Delaware was without starting quarterback Nolan Henderson due to injury, but the run game is often its bread and butter anyway. It certainly was in the spring meeting, where Dejoun Lee gashed the Rams for 221 yards. The Rams were better this time. Lee cleared the century mark at 115 yards but his longest run went for only 21 yards as URI avoided giving up big plays.

The first half was a master class in controlling a game. URI allowed 57 yards of offense, intercepted two passes, and stopped Delaware’s only promising drive short of the red zone, which led to a missed field goal.

On the other side, the URI offense was content to work methodically, further limiting Delaware’s opportunities. While the Rams didn’t take full advantage, forced to settle for two field goals, they found the end zone once with a 68-yard drive, capped by a Kasim Hill touchdown run. They finished the half with a seven-minute edge in time of possession and totaled 132 more yards of offense than the Blue Hens.
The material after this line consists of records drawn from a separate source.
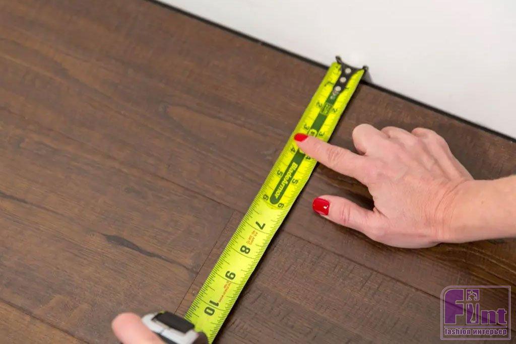 Правильный технологический зазор для большинства помещений составляет около 1 см. Чуть больше нужно сделать зазор, если ламинат упирается в трубы отопления, а также во влажных помещениях и комнатах большой площади.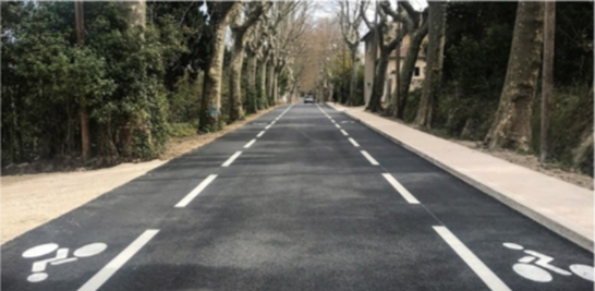 - Utilisation systématique, pour les bandes de rives, d’un revêtement distinct de celui de la voie centrale afin de bien différencier les espaces de circulation.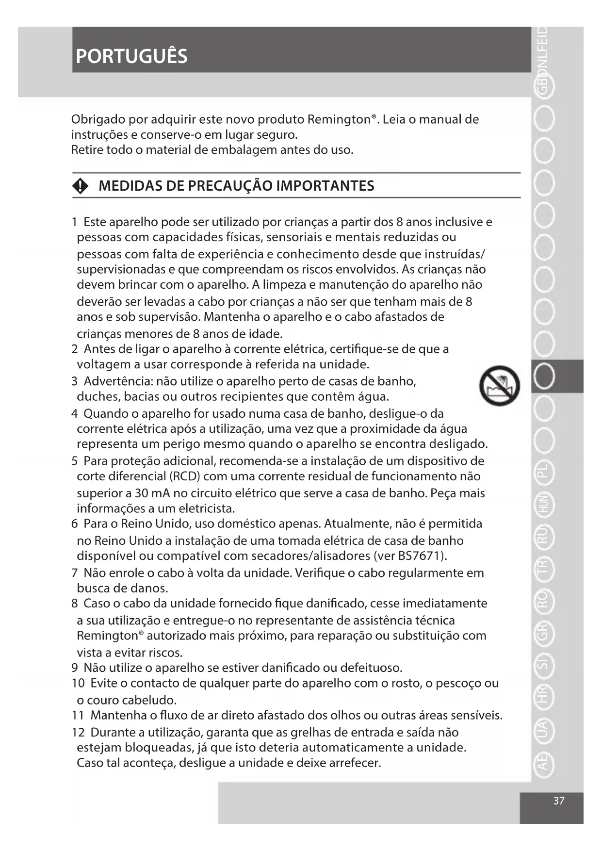 Obrigado por adquirir este novo produto Remington®. Leia o manual de instruções e conserve-o em lugar seguro.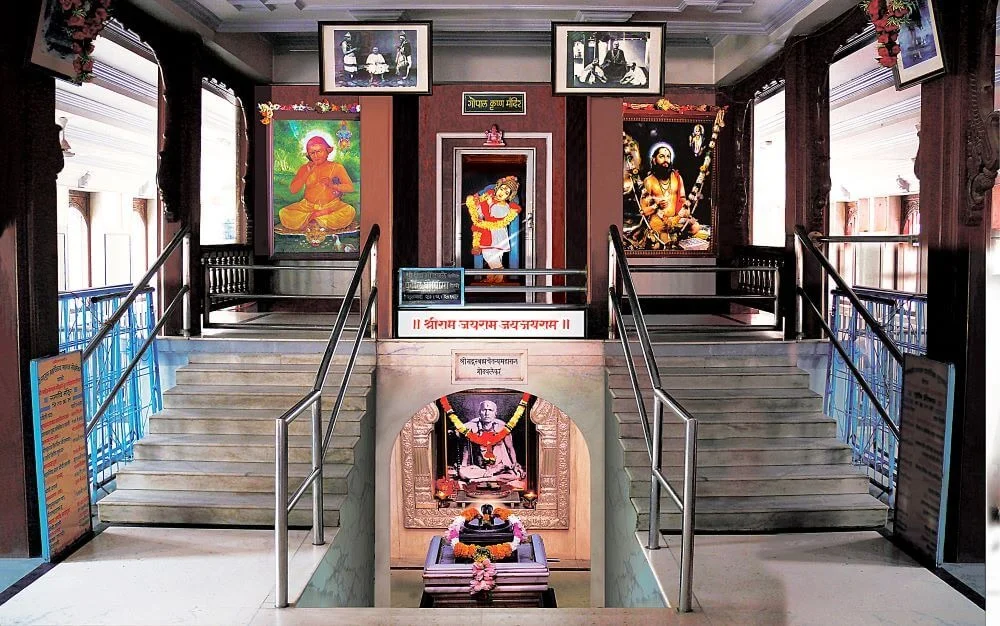 The temple complex grew around Maharaj’s samadhi (final resting place), where he attained eternal peace in 1913. Originally, Maharaj had transformed his own home into a Ram Mandir, then expanded the site to include temples of Datta and Shani, meditation halls, and vast facilities for visiting disciples and pilgrims. The mandir itself was constructed in 1936–37, featuring a spacious prayer hall and sanctum with a Gopal Krishna idol above, and Maharaj’s samadhi in the basement below. The sanctum is adorned with images of Ram, Sita, Lakshman, and Hanuman, and is continually filled with the soothing chant “Shriram Jayaram Jayjay Ram”—echoed by hundreds at daily aarti and kirtan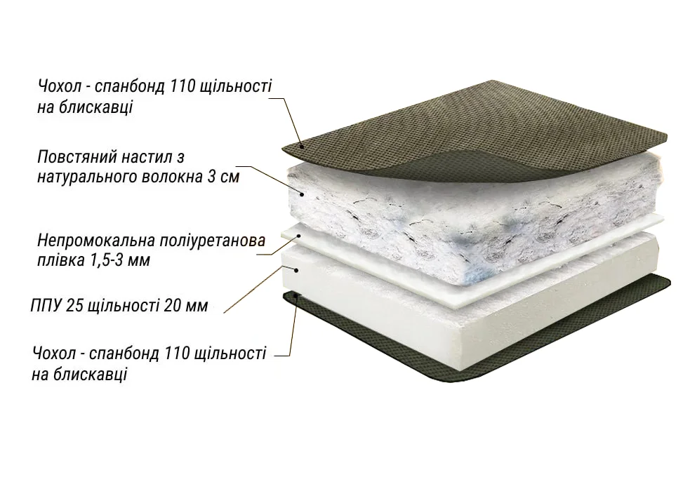 Матрас висотою 4 см з наповненням з повстяного настилу, пінополіуретану та пінополіуретанової плівки поєднує комфорт і довговічність. Повсть забезпечує міцність та захист від зносу, а пінополіуретан створює м'яку та пружну поверхню. Пінополіуретанова плівка перешкоджає вбирання вологи, спрощуючи догляд за матрацом. Його компактний розмір та легкість зручні для транспортування та зберігання. Матрац універсальний та підходить для використання на ліжку, підлозі або в похідних умовах.

Delaware found its footing in the second half. After a defensive stop on URI’s first possession of the second half, the Blue Hens went 87 yards for their first points of the game.
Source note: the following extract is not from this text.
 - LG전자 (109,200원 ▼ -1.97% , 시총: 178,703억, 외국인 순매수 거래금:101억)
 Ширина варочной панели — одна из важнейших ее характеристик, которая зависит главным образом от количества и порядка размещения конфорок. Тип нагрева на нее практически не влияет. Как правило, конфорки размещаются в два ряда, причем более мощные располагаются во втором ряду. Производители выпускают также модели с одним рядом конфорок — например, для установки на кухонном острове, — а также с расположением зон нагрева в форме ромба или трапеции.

Zach Gwynn hit Thyrick Pitts from 42 yards out for a touchdown that made it 12-7. URI was in position for a response, but Carrick’s 33-yard field goal try late in the third quarter was blocked by Justis Henley. The Blue Hens scored again soon after, grabbing the lead on a touchdown run by Quincy Watson. He also ran in the two-point try to make it 15-12.

URI responded with a solid drive that stalled in the red zone. Carrick was good from 32 yards for the game-tying field goal. That set the stage for the defensive stop and the blocked punt.

“It’s very representative of this year,” Fleming said. “The bottom line is you go down, but you have confidence in your team. The performances they’ve had — they’re not going to fracture, they’re not going to freak out.”

Justice Antrum hit 100 yards rushing for the second straight game, playing the workhorse role in the grind-it-out approach. He carried 30 times for 124 yards.

Hill completed 13 of 22 passes for 155 yards. Caleb Warren hauled in four passes for 88 yards.